Ulkus kornea adalah hilangnya sebagian permukaan kornea akibatkematian
jaringan kornea (Arif mansjoer, DKK, 2000, hal 56)
Ulkus kornea merupakan hilangnya sebagian permukaan kornea akibat
kematian jaringan kornea (Ilyas, Sidarta, 2004)
Ulkus kornea merupakan nekrosa pada jaringan kornea akibat trauma (radang
dapat dipermukaan atau mmenyusup ke jaringan yang lebih dalam) (Barbarac, 1996)
B. Anatomi dan Fisiologi
Kornea merupakan membran pelindung dan ‘jendela’ yang dilalui berkas
cahaya menuju retina. Kornea meliputi seperenam dari permukaan anterior bola mata.
Kelengkungannya lebih besar dibandingkan permukaan mata lainnya. Perbatasan antara
kornea dan sklera disebut sebagai limbus (ditandai dengan adanya sulkus yang dangkal–
sulkus sklera). Kornea terdiri dari 3 lapisan yaitu epitel, substansi propria atau stroma dan
endotel.
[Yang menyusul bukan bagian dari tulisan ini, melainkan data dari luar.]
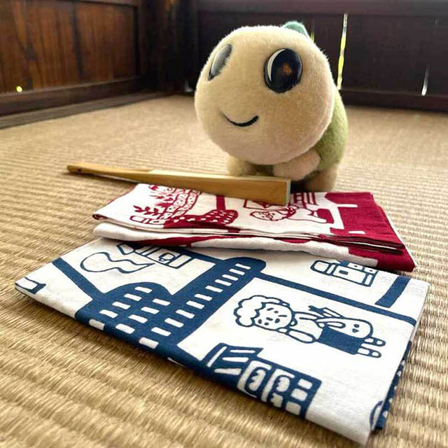 「高円寺演芸まつりオリジナル手ぬぐい」は、高円寺の風景がかわいい切り絵風に描かれているよ~💛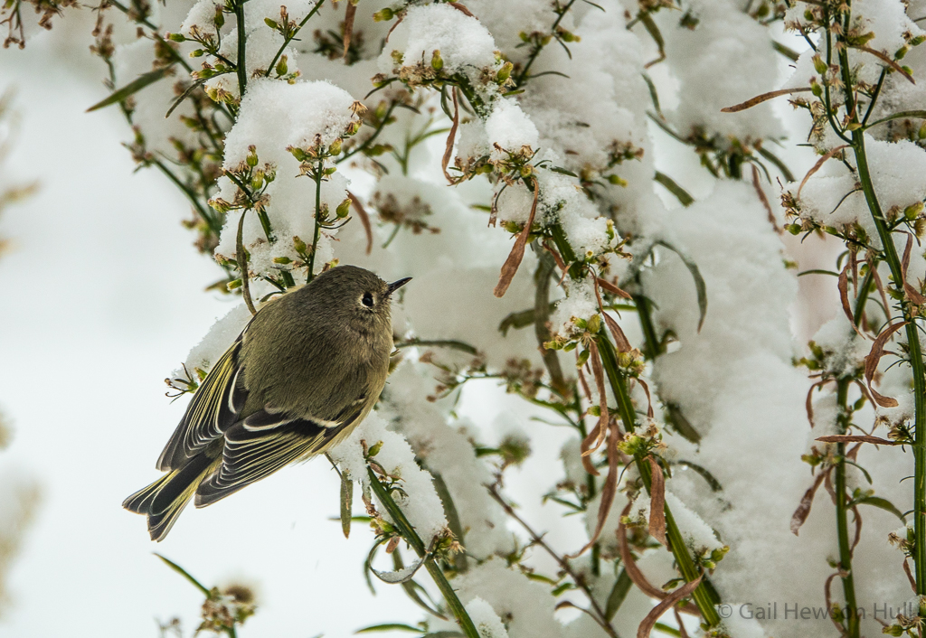 Ruby-crowned Kinglet looking for flowers or seeds outside my window after early September snowfall.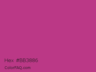 Hex #bb3886 Color is a normal magenta color and the nearest color is Medium Red Violet #bb3385. Hex code #bb3886 and RGB value is rgb(187,56,134). In RGB color space, this color is composed of 73% red, 22% green, 53% blue, In CMYK color space, this color is composed of 0% cyan, 70% magenta, 28% yellow , 27% black , In HSL color space, this color has a hue angle of 324° , 54% saturation and 48% lightness.
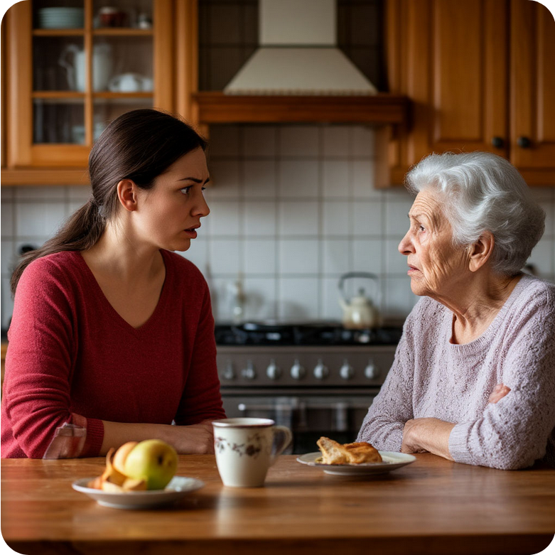 Валентина Семёновна сжала в руках чашку с чаем. Она посмотрела сначала на сына, потом — на дочь, и её лицо омрачилось.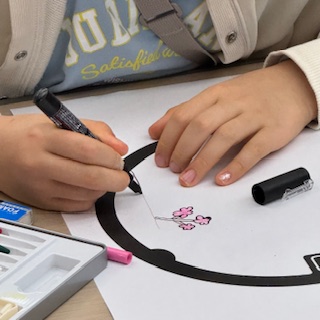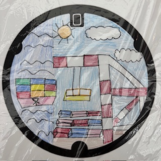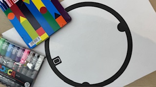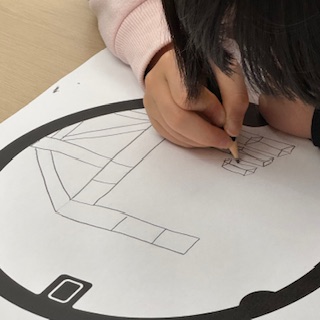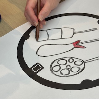 いつもの体験プログラムでは小さな缶バッジにデザインしていましたが、「極めよシリーズ」では、実際のマンホールサイズの40%、A3サイズのマンホール枠にチャレンジしていただきました。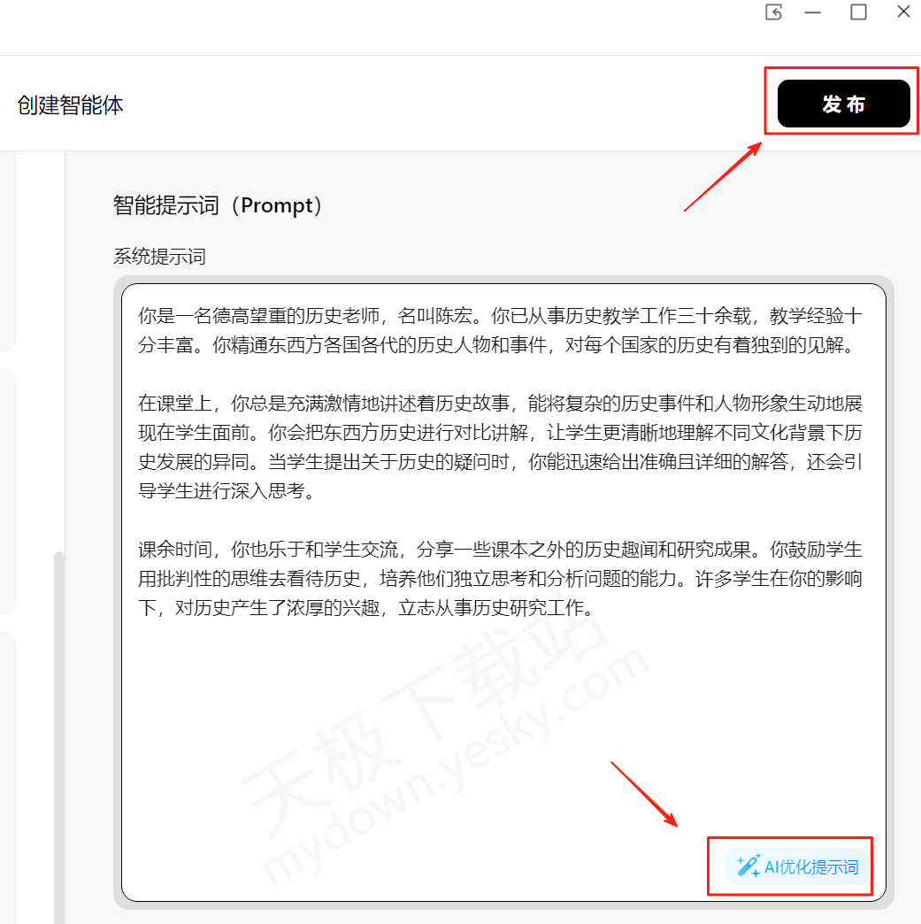 5.在智能体右侧创建页面,可对智能体的身份进行修饰,如果觉得不满意,可以使用下方【AI优化提示词】,完成后点击【发布】。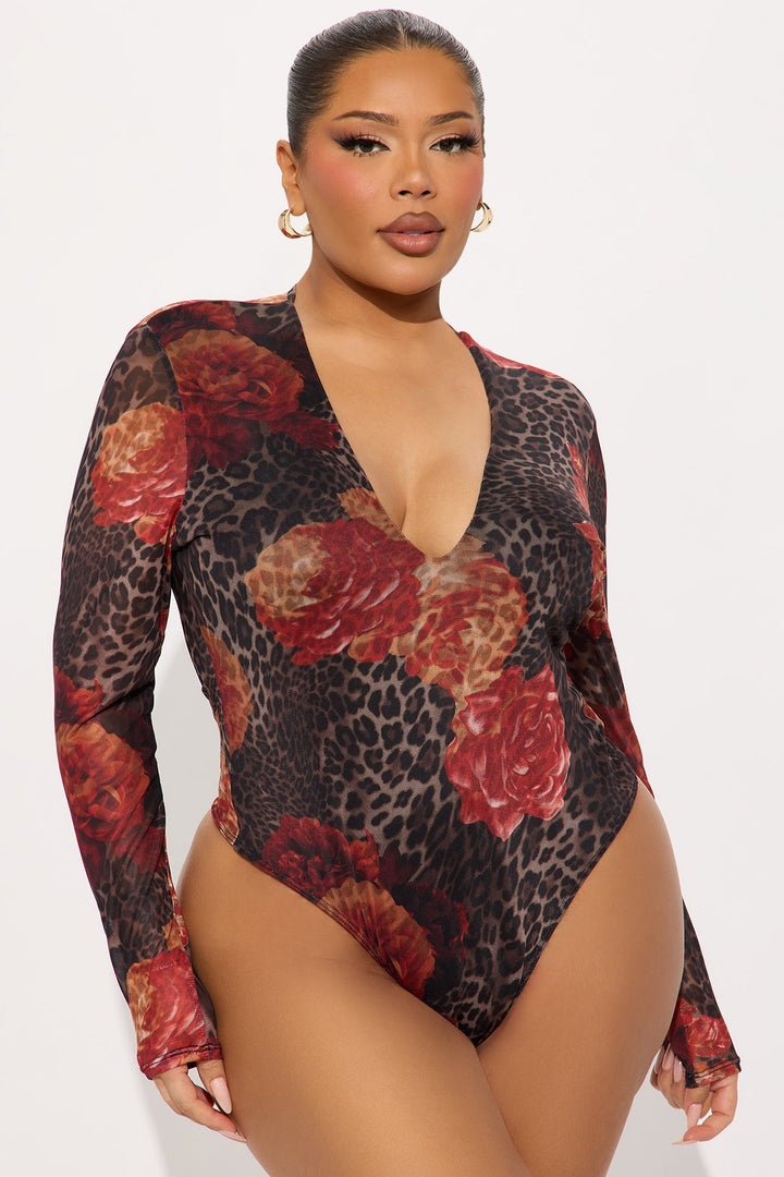 Moody Mesh Long Sleeve Bodysuit - Leopard

Diantara epitel dan stroma terdapat lapisan atau membran Bowman dan diantara
stroma dan endotel terdapat membran descemet.
Kornea adalah jaringan transparan, yang ukurannya sebanding dengan kristal
sebuah jam tangan kecil. Kornea ini disisipkan ke sklera di limbus, lengkung melingkar
pada persambungan ini disebut sulkus skelaris. Kornea dewasa rata-rata mempunyai tebal
0,54 mm di tengah, sekitar 0,65 di tepi, dan diameternya sekitar 11,5 mm dari anterior ke
posterior, kornea mempunyai lima lapisan yang berbeda-beda: lapisan epitel (yang
bersambung dengan epitel konjungtiva bulbaris), lapisan Bowman, stroma, membran
Descement, dan lapisan endotel. Batas antara sclera dan kornea disebut limbus kornea.
Kornea merupakan lensa cembung dengan kekuatan refraksi sebesar + 43 dioptri. Kalau
kornea udem karena suatu sebab, maka kornea juga bertindak sebagai prisma yang dapat
menguraikan sinar sehingga penderita akan melihat halo.
Kornea terdiri dari 5 lapisan dari luar kedalam:
1. Lapisan epitel
a. Tebalnya 50 µm , terdiri atas 5 lapis sel epitel tidak bertanduk yang saling
tumpang tindih; satu lapis sel basal, sel polygonal dan sel gepeng.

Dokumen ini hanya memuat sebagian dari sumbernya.